Interim Results

RNS Number : 0309S
Microsaic Systems plc
28 September 2017
 

28 September 2017

Microsaic Systems plc

("Microsaic", "Microsaic Systems" or the "Company")

Interim Results and Management Update for the six months ended 30 June 2017

 

Microsaic Systems plc (AIM: MSYS), the developer of chip-based mass spectrometry ("MS") instruments designed to improve the efficiency of pharmaceutical R&D, announces its unaudited interim results for the six months ended 30 June 2017 ("H1 2017") and an update on trading since the period end.

 

Overview of Activities in H1 2017

·     Further improvements delivered to overall products and services, including:

The world's first on-line desalting module for real-time bioprocessing applications

Mass-range extension enabling larger biomolecule detection

Increased environmental robustness for point-of-use applications

·     Refocused strategy on the bioprocessing market where point of use MS has the potential to reduce analysis times significantly:  

Validated a significant market opportunity with multiple points of entry

Product enhancements delivered to enable real-time analysis of therapeutic proteins and other biologics

Completed feasibility phase with a global partner in bioprocessing which co-funded R&D 

·     Difficult trading conditions in existing traditional markets for small molecule detection

Revenue down to £0.13m in H1 2017 (H1 2016: £0.47m)

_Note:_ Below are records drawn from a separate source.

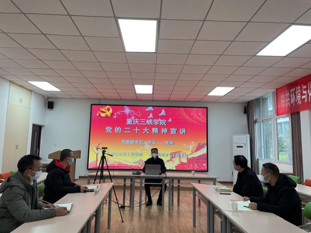 为深入学习贯彻落实党的二十大精神,确保党的二十大精神入脑入心、落地落实,12月8日下午,学校党委副书记、校长张伟向学院全体教职工作党的二十大精神专题宣讲。宣讲会由学院党总支书记刘健主持,以线上线下的方式进行。院长李廷真在现场听取了宣讲,其余教职工在线上听取了宣讲。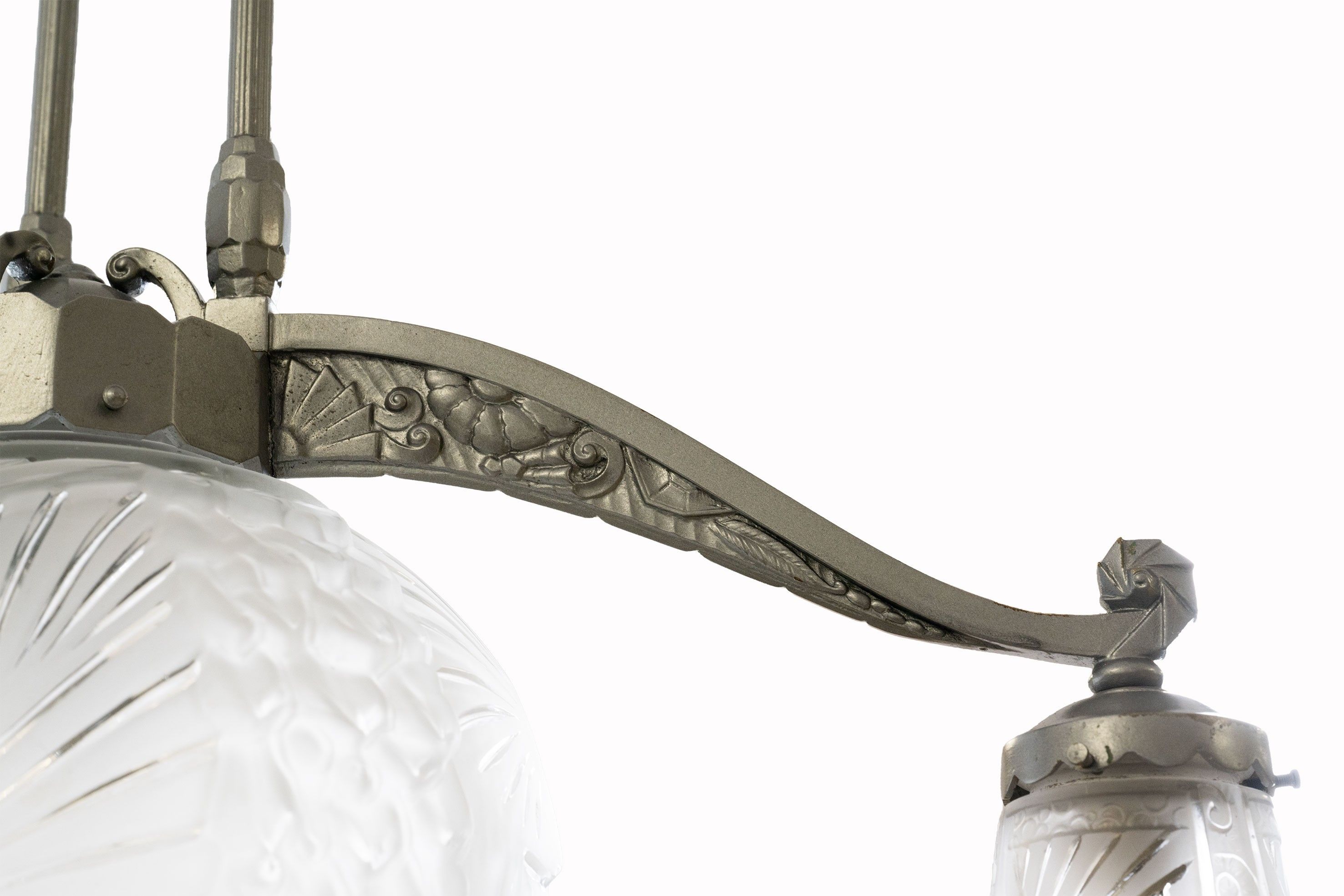 MULLER FRÈRES - LUNÉVILLE Hanging lamp in silver-plated meta…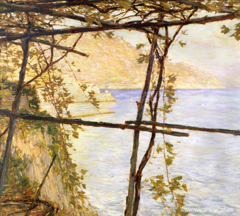 Vi erbjuder dig en hantverksmässig reproduktion på duk av det berömda konstverket 'Spaljerade Vines' av Henry Herbert La Thangue, från Reproduktionsmuseet.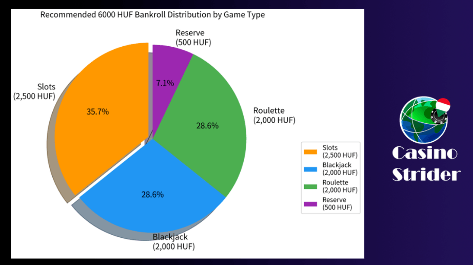 Kovács’ bankroll split by game type allocates 2,500 HUF to slots, 2,000 HUF to blackjack, 2,000 HUF to roulette, and 500 HUF in reserve. Players who prefer one game can consolidate, for example, three blackjack sessions of 2,000 HUF each. The model works because every bet size and exit point is decided before play begins.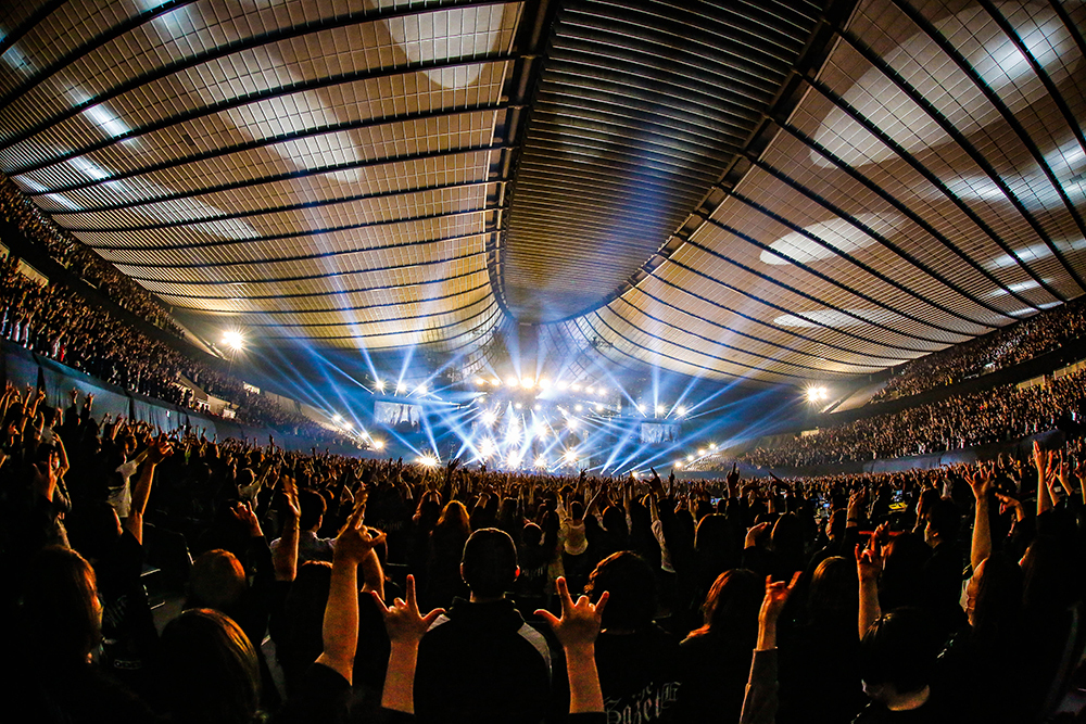 ファンとの絆を再確認し、そして20年間で培ったバンド力を爆発させた一夜の幕は、真紅のステージライトから伸びるレーザー光線で切って落とされた。RUKIの柔らかなウィスパーが一瞬で咆哮に変転し、打ちあがるファイヤーボールと共に始まった1曲目は「UNDYING」。凄まじいブラストビートに唸るような重低音とデスボイスが、広大なアリーナ空間に見えない亀裂を入れていくと、その傷を今度は流麗な旋律が優しく撫でてゆく。その繰り返しに頭を振り、腕を伸ばすオーディエンスの様は、まさに“UNDYING=不滅”。生々しく息づくリアルな“生”を感じさせる。続く「Filth in the beauty」で、みっちり二階席まで詰まった客席が一斉にジャンプする様も壮観。野太いユニゾンで不敵なムードを撒き散らす「DAWN」での盛り上がりはクライマックス級で、序盤3曲にして既に精気まで吸い尽くされそうだ。

·     Streamlined organisation to maintain rigorous capital management:

Operating expenses in H1 2017 of £1.56m down 16% over H1 2016 (£1.87m)

Loss pre tax in H1 2017 is a 15% improvement over H1 2016

Cash of £4.08m at 30 June 2017 (31 December 2016: £5.73m)

·     Eric Yeatman appointed Interim Non-Executive Chairman

 

Post-Period end update

·     Appointment of Glenn Tracey as Chief Executive Officer ("CEO")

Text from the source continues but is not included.